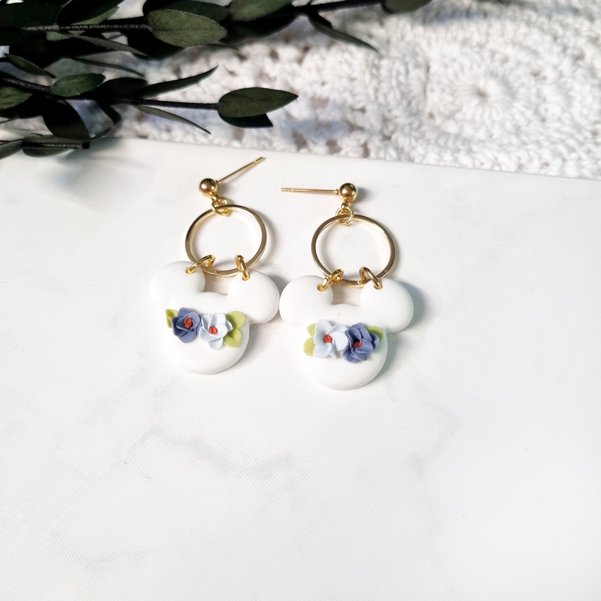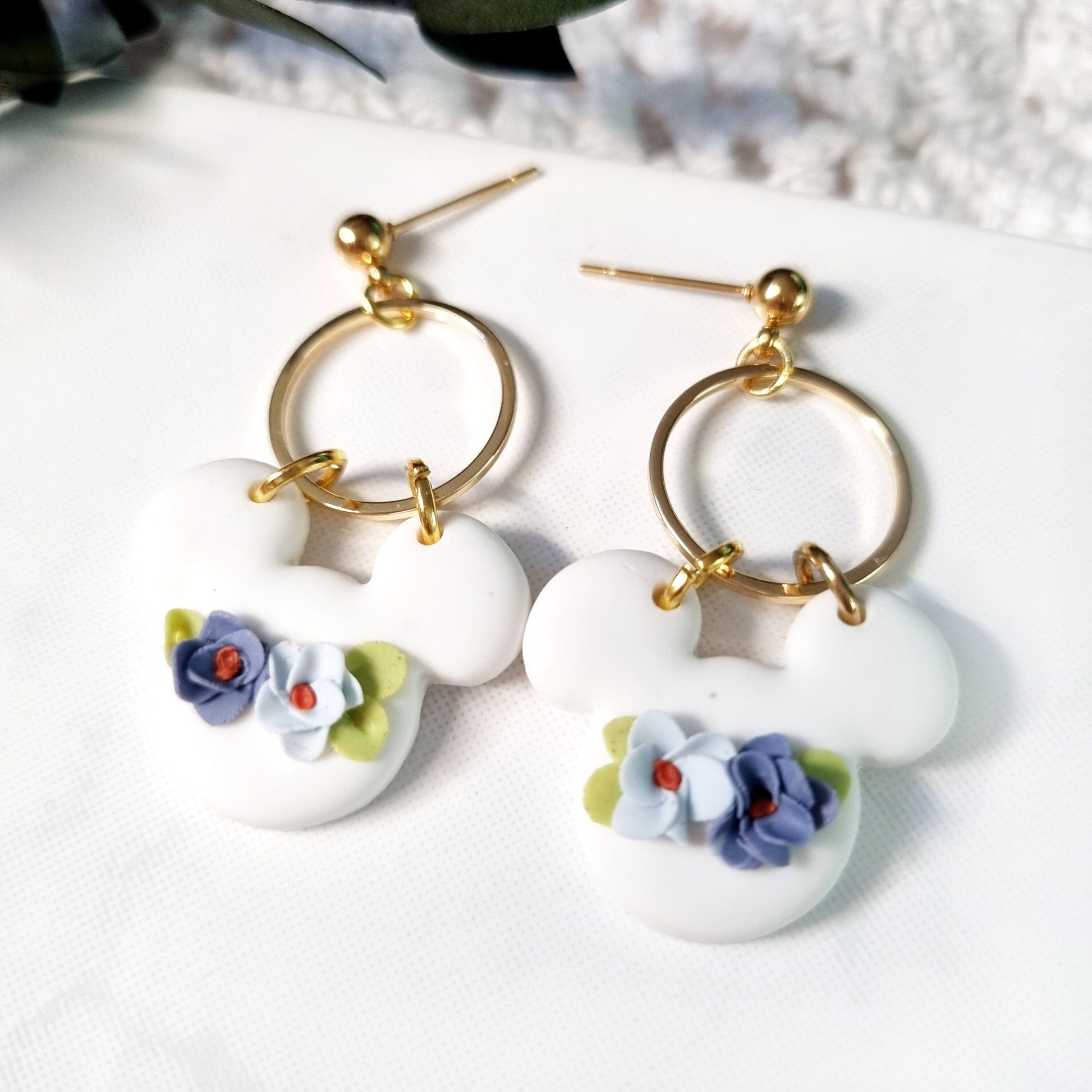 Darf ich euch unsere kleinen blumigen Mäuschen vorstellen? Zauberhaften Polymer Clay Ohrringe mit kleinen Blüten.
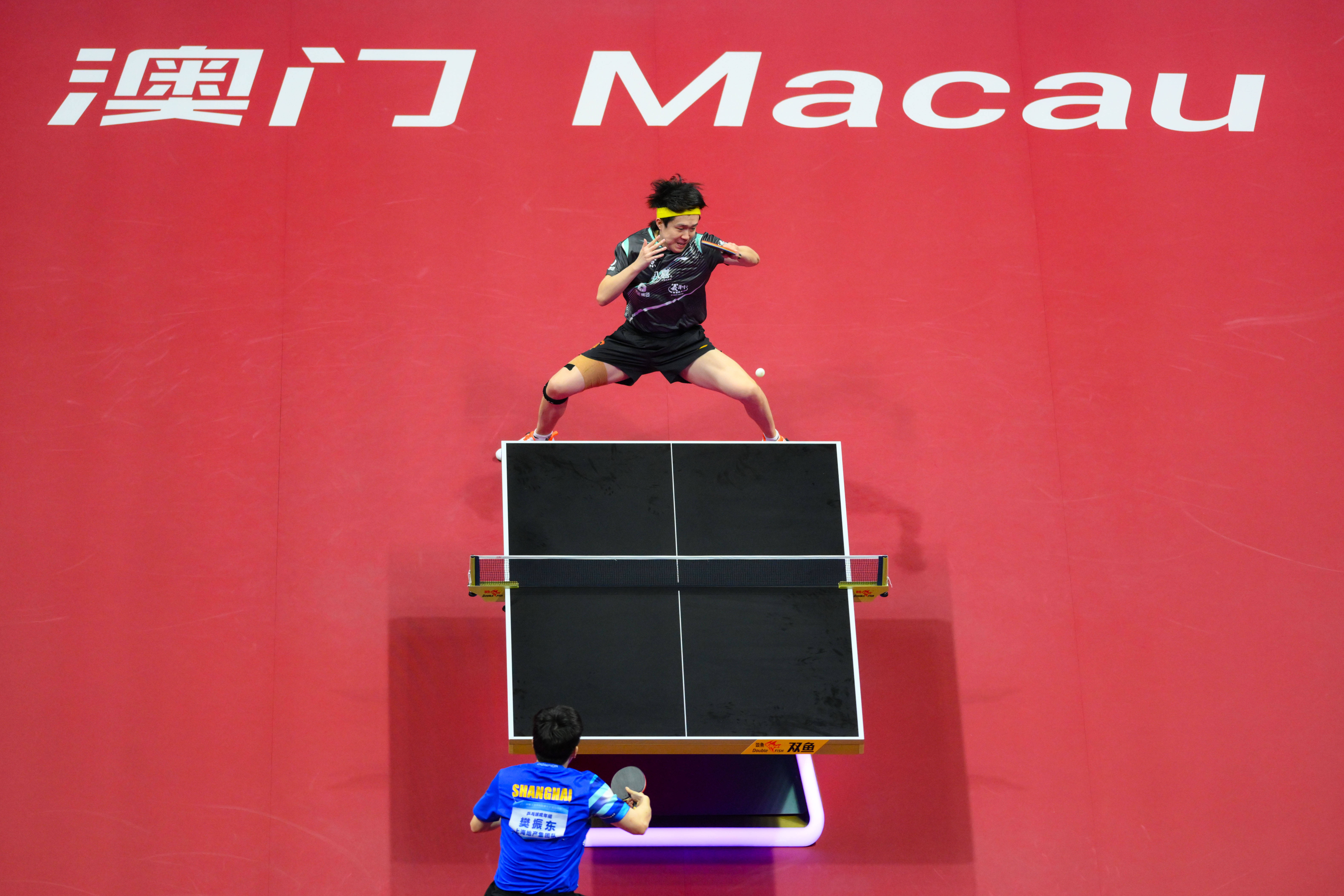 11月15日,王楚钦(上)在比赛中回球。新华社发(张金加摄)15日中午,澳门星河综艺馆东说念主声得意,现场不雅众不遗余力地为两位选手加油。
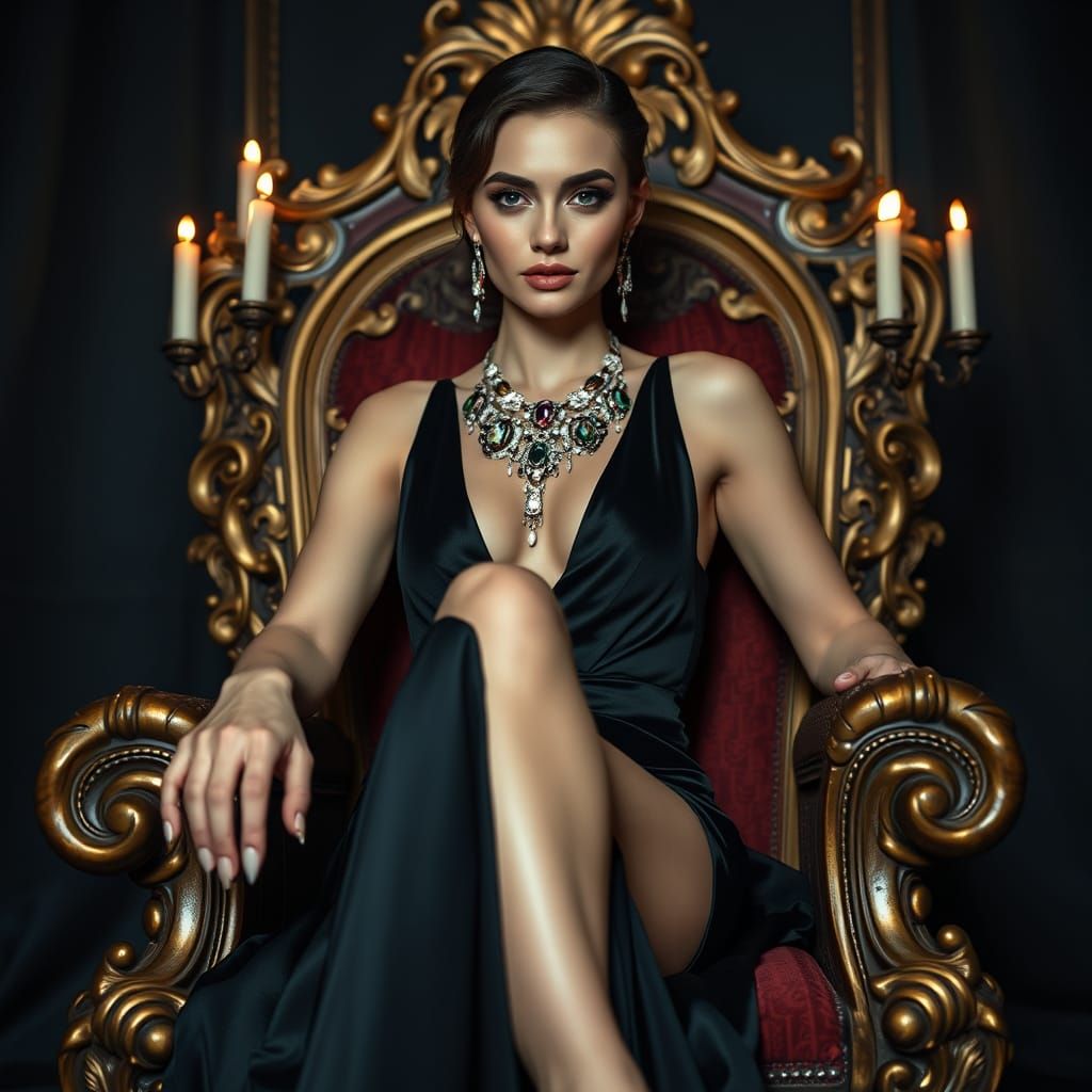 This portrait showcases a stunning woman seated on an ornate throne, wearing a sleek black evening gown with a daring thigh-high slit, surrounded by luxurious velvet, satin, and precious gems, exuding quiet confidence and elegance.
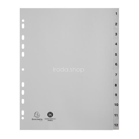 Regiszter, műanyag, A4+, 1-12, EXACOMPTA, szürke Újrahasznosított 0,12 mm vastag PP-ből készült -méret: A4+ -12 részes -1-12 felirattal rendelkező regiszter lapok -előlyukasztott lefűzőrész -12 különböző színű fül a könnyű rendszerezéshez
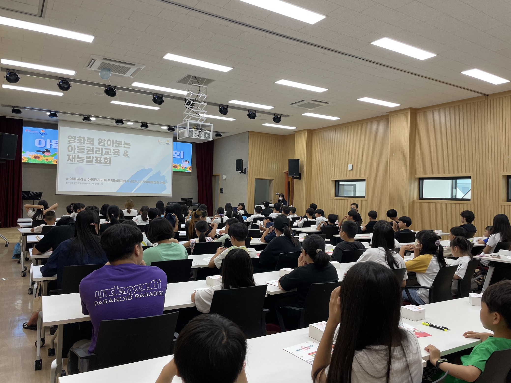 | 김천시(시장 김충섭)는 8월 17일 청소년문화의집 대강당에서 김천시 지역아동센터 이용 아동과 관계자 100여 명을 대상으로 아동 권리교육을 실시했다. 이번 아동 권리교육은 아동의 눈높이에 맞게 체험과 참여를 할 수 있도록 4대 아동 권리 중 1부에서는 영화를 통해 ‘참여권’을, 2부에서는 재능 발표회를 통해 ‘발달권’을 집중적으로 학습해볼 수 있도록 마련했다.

•••

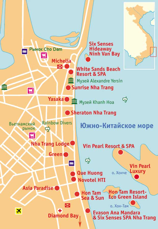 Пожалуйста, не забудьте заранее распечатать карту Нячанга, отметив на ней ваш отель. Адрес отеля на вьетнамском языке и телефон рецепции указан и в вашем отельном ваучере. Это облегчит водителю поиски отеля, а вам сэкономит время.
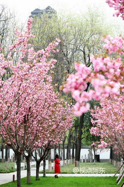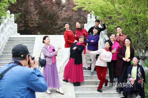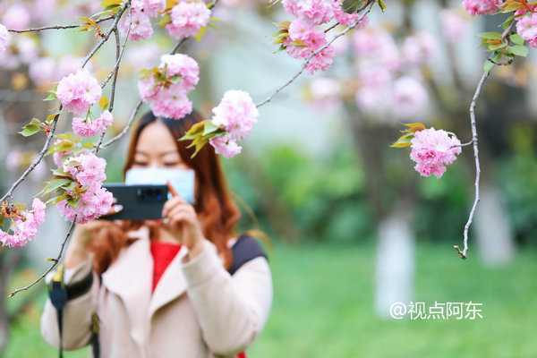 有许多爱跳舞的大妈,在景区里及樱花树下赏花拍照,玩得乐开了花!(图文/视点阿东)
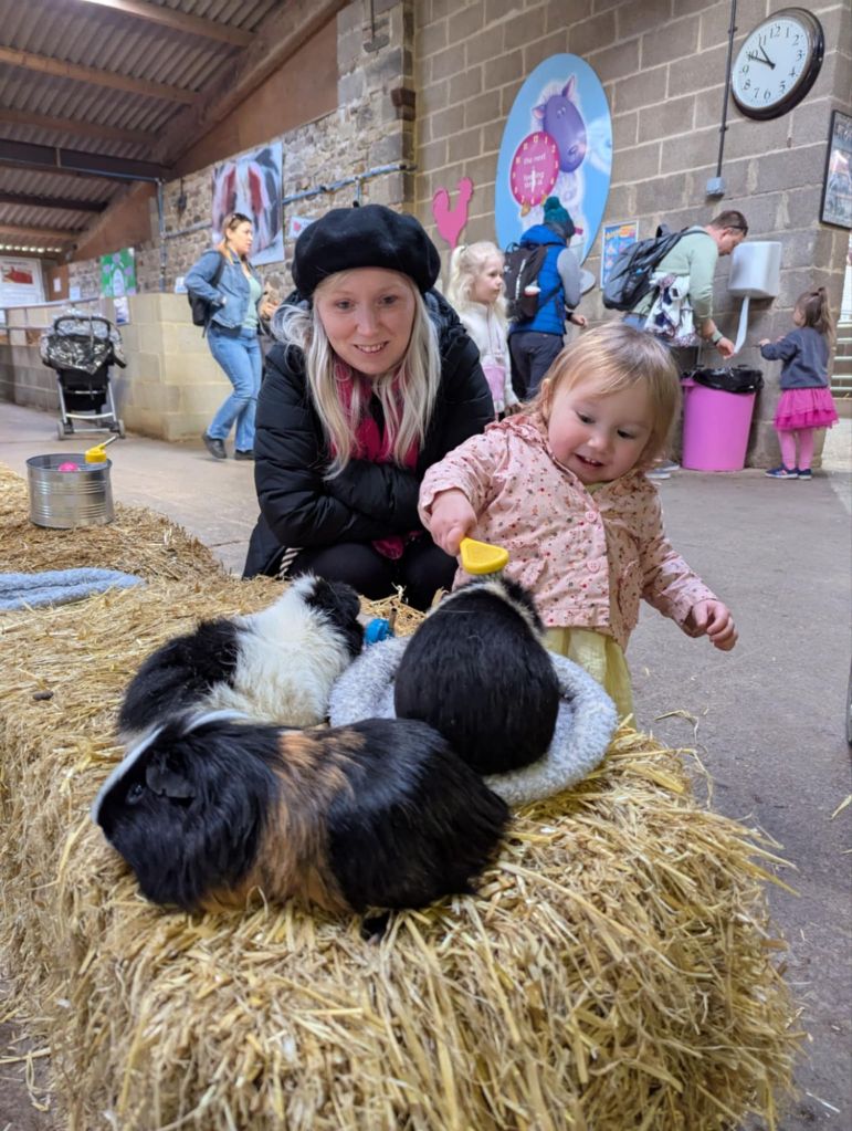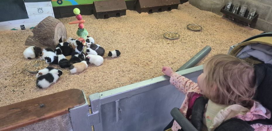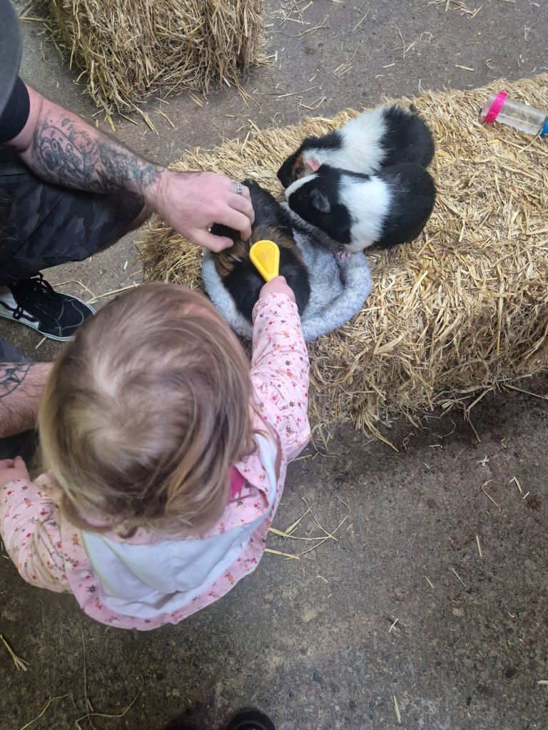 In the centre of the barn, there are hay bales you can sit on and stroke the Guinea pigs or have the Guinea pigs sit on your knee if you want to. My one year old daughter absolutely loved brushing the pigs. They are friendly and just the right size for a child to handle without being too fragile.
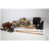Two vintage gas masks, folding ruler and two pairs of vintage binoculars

•••

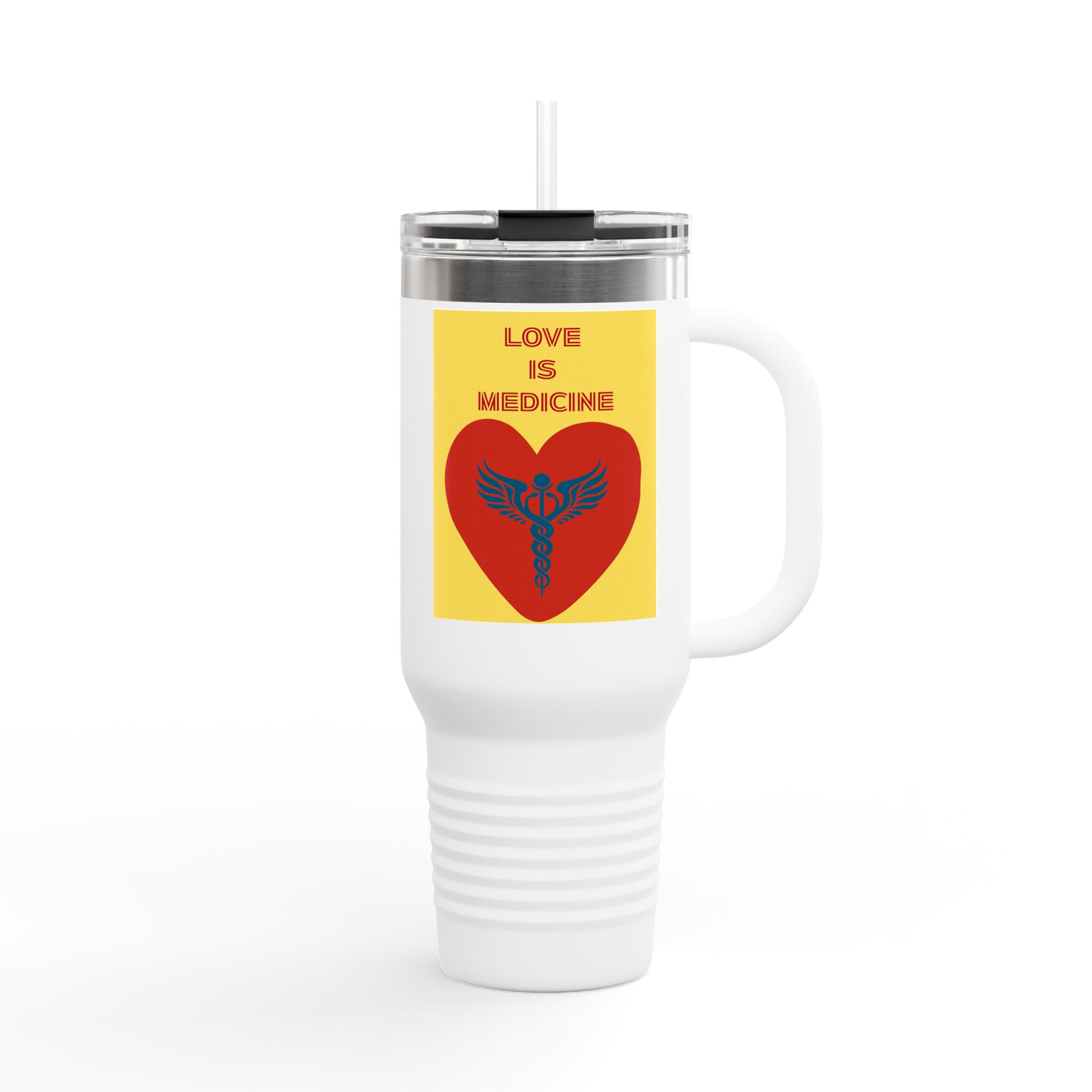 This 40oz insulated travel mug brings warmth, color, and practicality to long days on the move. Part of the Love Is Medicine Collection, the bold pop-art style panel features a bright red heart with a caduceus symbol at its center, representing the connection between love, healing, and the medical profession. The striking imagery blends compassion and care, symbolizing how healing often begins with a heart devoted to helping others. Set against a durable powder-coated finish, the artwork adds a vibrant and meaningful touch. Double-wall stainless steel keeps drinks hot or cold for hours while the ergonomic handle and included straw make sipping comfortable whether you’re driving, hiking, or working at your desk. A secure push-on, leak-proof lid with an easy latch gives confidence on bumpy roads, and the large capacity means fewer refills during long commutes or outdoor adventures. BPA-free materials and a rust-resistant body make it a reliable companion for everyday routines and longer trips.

•••

YOUR TASK: Everything above from the line that has "Пожалуйста, не забудьте" down to the line that has "Two vintage gas" should be output exactly, with both of those lines included. Leave the pictures behind.

RESPONSE TO THIS TASK:
 Пожалуйста, не забудьте заранее распечатать карту Нячанга, отметив на ней ваш отель. Адрес отеля на вьетнамском языке и телефон рецепции указан и в вашем отельном ваучере. Это облегчит водителю поиски отеля, а вам сэкономит время.
 有许多爱跳舞的大妈,在景区里及樱花树下赏花拍照,玩得乐开了花!(图文/视点阿东)
 In the centre of the barn, there are hay bales you can sit on and stroke the Guinea pigs or have the Guinea pigs sit on your knee if you want to. My one year old daughter absolutely loved brushing the pigs. They are friendly and just the right size for a child to handle without being too fragile.
Two vintage gas masks, folding ruler and two pairs of vintage binoculars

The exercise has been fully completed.